Tamarack Valley commissions Wembley gas plant in Alberta

July 27, 2023
Tamarack Valley Energy Ltd., Calgary, completed construction and commissioning of its owned and operated 15 MMcfd Wembley gas plant, which will process associated natural gas from the operator’s Charlie Lake play in Alberta.

Tamarack Valley Energy Ltd., Calgary, completed construction and commissioning of its owned and operated 15 MMcfd Wembley gas plant, which will process associated natural gas from the operator’s Charlie Lake play in Alberta. The plant, which is expandable to 30 MMcfd, was brought onstream June 9, the company said in a July 27 earnings release.

The company also agreed to sell a 49.9% stake in the sweet natural gas processing plant, in addition to gross overriding royalty interests in the Clearwater and Charlie Lake operating areas including 17,000 gross undeveloped acres to Calgary-based Topaz Energy Corp. for $39.5 million (Can.). Following closing of the sale, Tamarack will continue to operate the gas plant and will retain full access to 100% of the capacity, the company said.

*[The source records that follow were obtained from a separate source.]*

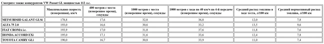 В таких условиях не стоит ждать рекордов скорости. Доставшийся нам Galant 2000 развил лишь 178,8 км/ч (лучший результат в одном направлении — 181,5 км/ч). Эта скорость была достигнута на пятой передаче при 4870 об/мин. На четвертой быстрее не получилось: Galant наотрез отказался превышать 178,4 км/ч (среднее значение) при 6027 об/мин, и эта цифра была вымучена после очень долгого ожидания. Хвастаться нечем. Впрочем, наш экземпляр вполне соответствовал паспортным данным. Рубеж в 100 км/ч был взят за 11,1 секунды (на 0,6 секунды медленнее, чем заявляет Mitsubishi), а километр с места автомобиль преодолел за 32,8 секунды — результат не выдающийся, но достойный интереса. Эластичность еще нагляднее раскрывает темперамент мотора: и на четвертой, и на пятой передачах Galant берет паузу на «раздумье» перед ускорением, затем будто расправляет крылья, слабеет к 3000 об/мин (около 115 км/ч на пятой) и снова обретает энергию к 3500 об/мин (120 км/ч на четвертой). Как ни странно, это в точности соответствует кривой крутящего момента.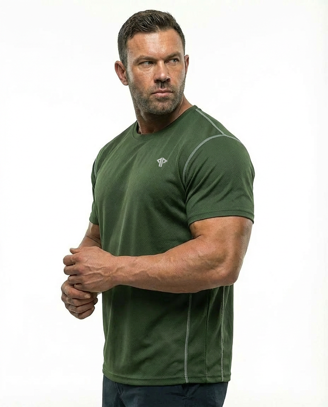 Crafted from a highly breathable AirFlex fabric, this tee allows continuous airflow to help you stay cool during intense workouts. The lightweight material feels super smooth and soft on the skin, making it comfortable to wear for extended training sessions. A slight stretch in the fabric enhances mobility without losing structure, supporting natural movement during lifts and exercises.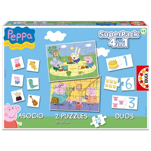 Amuse-toi avec ce super pack de jeux Peppa Pig. Retrouve Peppa dans de nouvelles aventures, tu peux peux y jouer seul, en famille ou avec tes amis. 4 jeux composent ce super pack : 2 puzzles, 1 jeu d'association et 1 jeu de nombres.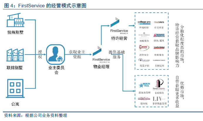 FirstService 的模式是物业经营与基础服务并重,其通过两大平台服务客户。分别是住宅平台FirstService Residential,是北美最大的住宅物业管理经理人;品牌平台FirstServiceBrands,是北美最大的基础服务供应商之一,其通过特许经营系统为住宅和商业地产提供服务。FirstService 通过两大品牌系统紧密分工,是北美平台型综合物业服务提供商的代表。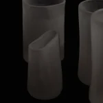 This deliberate approach manifests in the vase’s edge, where rough and smooth textures coexist in striking contrast. Colors merge harmoniously, only to separate again, while the surface shifts between faint opacity and delicate transparency. The interplay of these elements captures the essence of transformation and the beauty found in imperfection and variation.

Activity in Charlie Lake resulted in drilling of five net wells and completion of eight net wells with six net wells coming on stream during the quarter. Production averaged 15,000 boe/d, representing 22% of the total corporate production for the quarter.

The five wells are flowing through the Wembley plant with initial rates averaging 800-900 b/d of oil per well. Charlie Lake rates are expected to remain stable in the 16,000-17,000 boe/d range. The company expects to begin drilling one well (0.5 net) in August and continue in late September with three net operated wells planned for this year’s fourth quarter.

Clearwater production averaged 37,800 boe/d in the quarter, representing 57% of corporate production. During the quarter, Tamarak drilled and brought onstream 19 net and 22 net wells, respectively. The company drilled two net injector wells. Tamarack currently has six rigs running (three at Nipisi/West Marten Hills, two at Marten Hills, and one at Southern Clearwater).

Overall, the company had quarterly volumes of 66,738 boe/d, a 52% year-over-year increase (21% on a per share basis). The development program was partially offset by a loss of 1,500 boe/d due to direct and indirect impacts of the Alberta wildfires and unplanned third-party outages. Production impacts were largely restored prior to June 30, with second-half production levels expected to average 68,000-70,000 boe/d.

Full year production guidance is maintained at 67,000-71,000 boe/d.

The company invested $117.8 million in the quarter, including drilling, completion, and equipping of 19 net Clearwater wells and five net Charlie Lake wells.

The company's capital budget for the year remains unchanged at $425-475 million (Can.)